The “Frankenstorm” expected to slam into Delaware on Tuesday will bring heavy rain and winds to Maine and lead to scattered power outages here, the National Weather Service says.

The heaviest rain in Maine will fall between Monday afternoon though Tuesday, said meteorologist Tom Hawley. Wind gusts in Maine are expected between 40 to 60 mph for an eight- to 12-hour period on Monday and Tuesday, he said.

He said Maine can expect three to five inches of rain, with the heaviest rain and wind occurring in the southern portion of the state.

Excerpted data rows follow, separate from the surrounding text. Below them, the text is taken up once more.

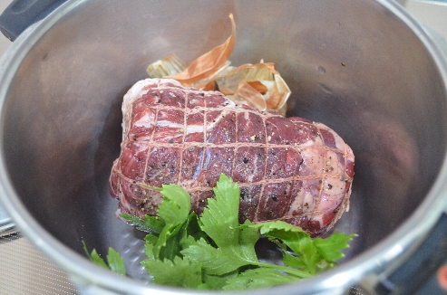 2.圧力鍋に玉葱の皮とセロリの葉とローリエ、塩漬けのお肉、かぶる位のお水を入れて中火にかけ、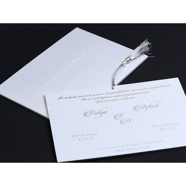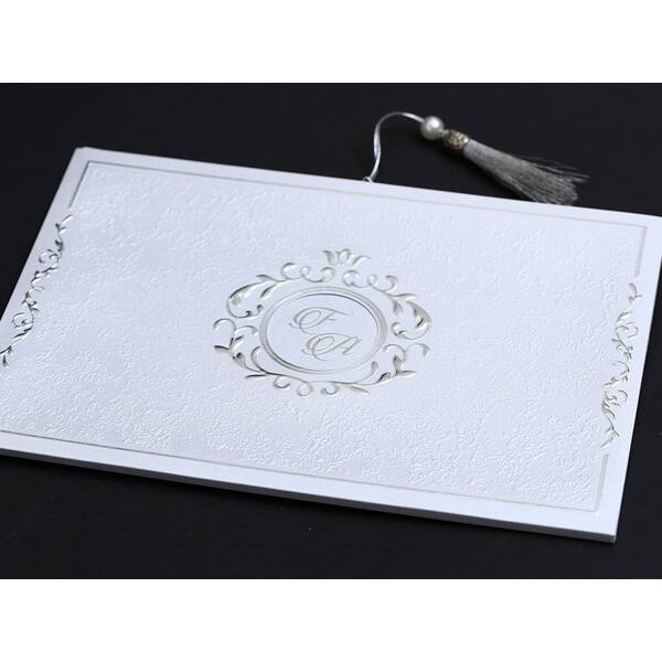 Embossed Patterned, Silver Foil Print Embroidered Wedding Card - Alyans 2031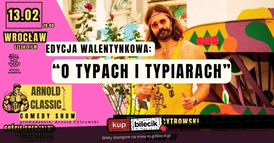 Show otrzymuje roboczą, wiele mówiącą nazwę "O TYPACH I TYPIARACH", gdzie razem z moimi gośćmi - znanymi nie tylko lokalnie, ale i w sieci Marcelem Bieńkowskim i Martyną Podwysocką - omawiać będziemy meandry skomplikowanych relacji międzyludzkich, rzecz jasna tych romantycznych. W końcu to niemal walentynki. Jesteś sam, sama? Wbijaj. O, jednak masz kogoś? Wbijajcie razem. Nie chcesz wbijać? Mega gej z Ciebie, ale ok. Zatańczmy wszyscy jak na sali wielkiej i błyszczącej tak jak nocne Buenos Aires.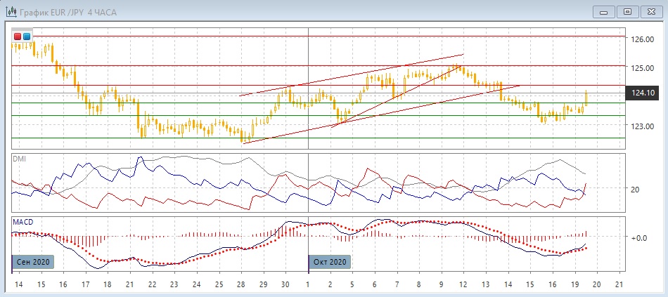 На четырёхчасовом графике тенденция изменилась: относительные максимумы и минимумы теперь растут, пара преодолела сопротивление на 123,75, около этого уровня были максимумы 14-16 октября. Пара приближается к более сильному сопротивлению на 124,35, дальнейшая краткосрочная перспектива, вероятно, будет зависеть от того, будет ли преодолён этот уровень: если да, откроется возможность для продолжения роста, если пара снизится ниже 123,75, более вероятным видится возобновление снижения. Уровень 134,35, вероятно, будет тестироваться. По индикаторам направленного движения тенденцией стал рост: DM+ теперь выше DM-, гистограмма MACD растёт в положительной зоне, линия MACD имеет положительный наклон.

Sandy, now a category 1 hurricane with peak winds of 80 mph, hit the Bahamas on Thursday and is expected to reorganize and strengthen as it winds its way toward the mid-Atlantic. When the storm collides with a large cold front now moving into the East, it will create a huge hybrid storm that will affect a much larger area than a tropical storm would, Hawley said.

The chances of the storm striking New England directly are now remote, he said. After the storm makes landfall in Delaware, he said, wind currents will trap it for several days in the Pennsylvania and western New York state area. As a result, Maine will experience tropical showers and downpours through Friday.

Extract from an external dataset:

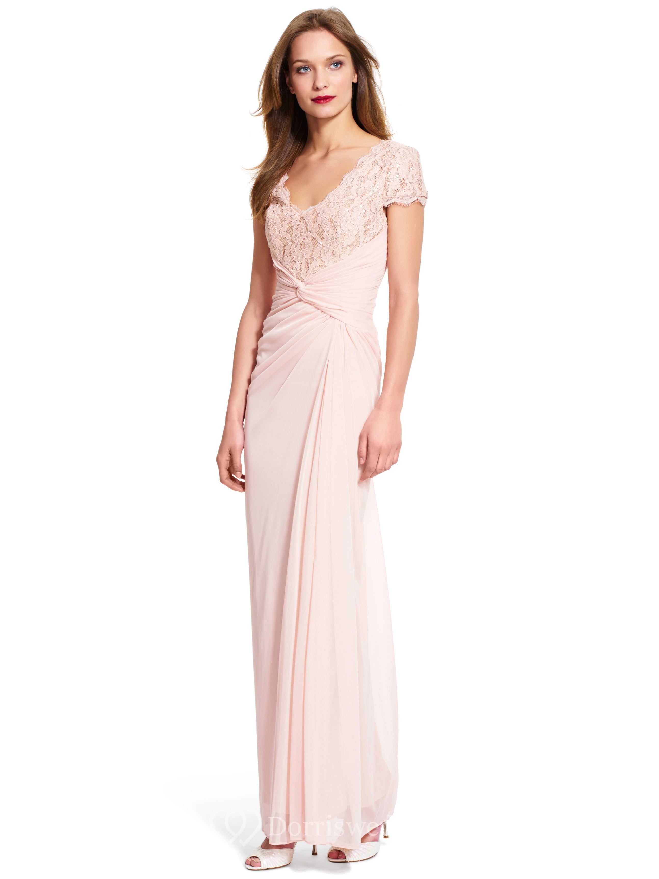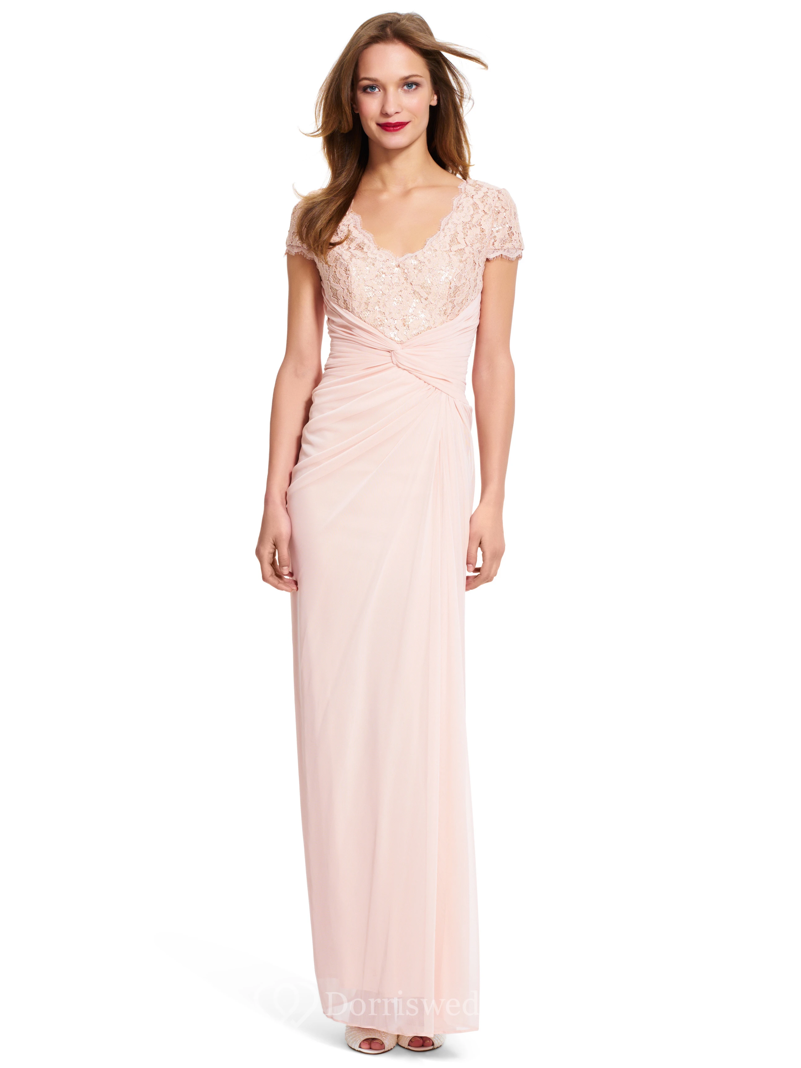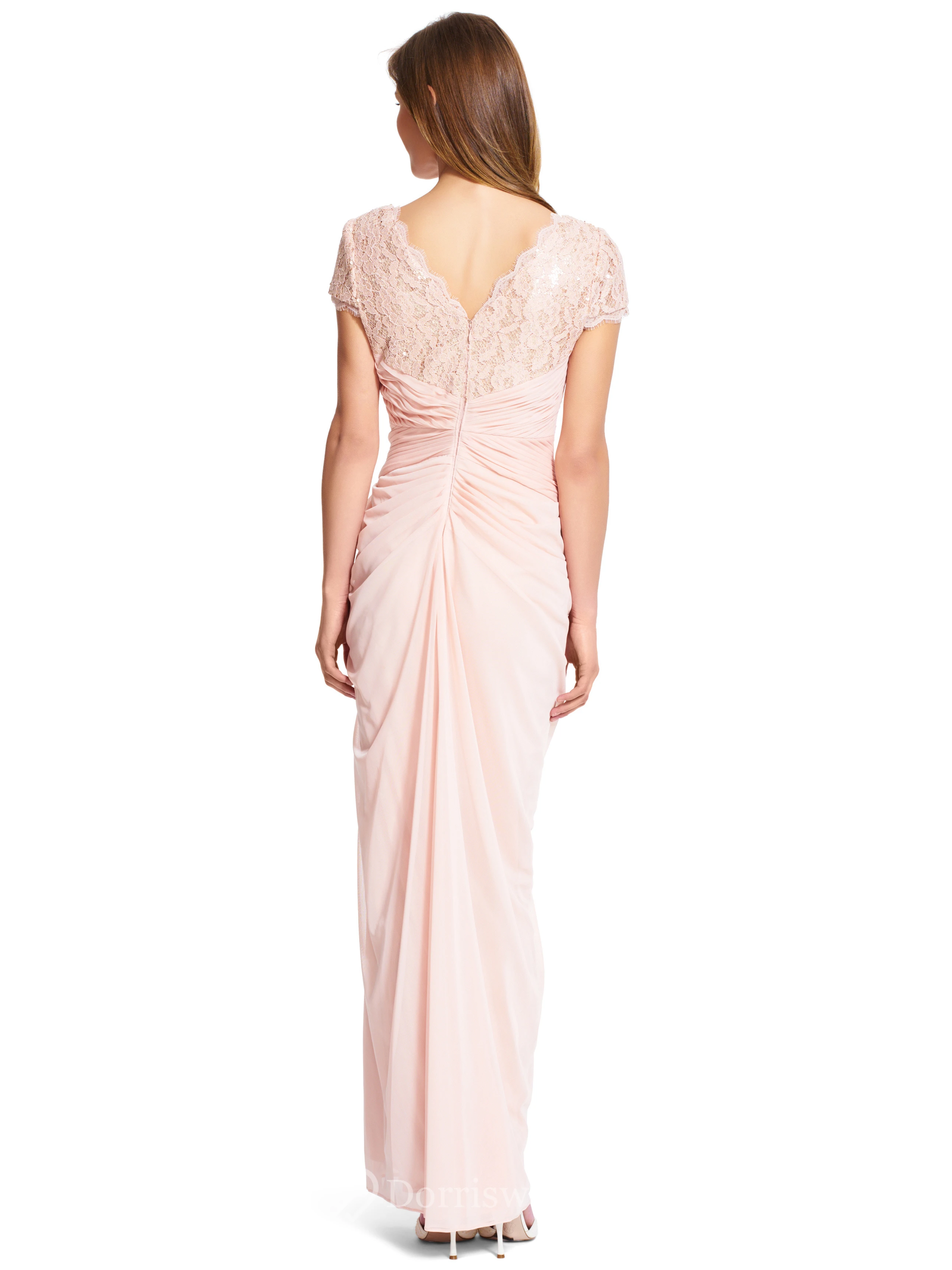 Sheath V-Neck Short-Sleeve Draped Chiffon Bridesmaid Dress

Officials at Central Maine Power are now preparing for the storm by lining up the work crews and contractors who would repair damaged power lines. The leaves that remain on many trees could act as “sails” and cause branches and limbs to break and fall on electrical lines, said Gail Rice, spokeswoman for Central Maine Power.

In addition, rain-soaked soil would make it easier for high winds to uproot trees, she said.

“We are preparing for the worst,” she said. “If the storm does end up going to the south and sparing us, that would be a relief.”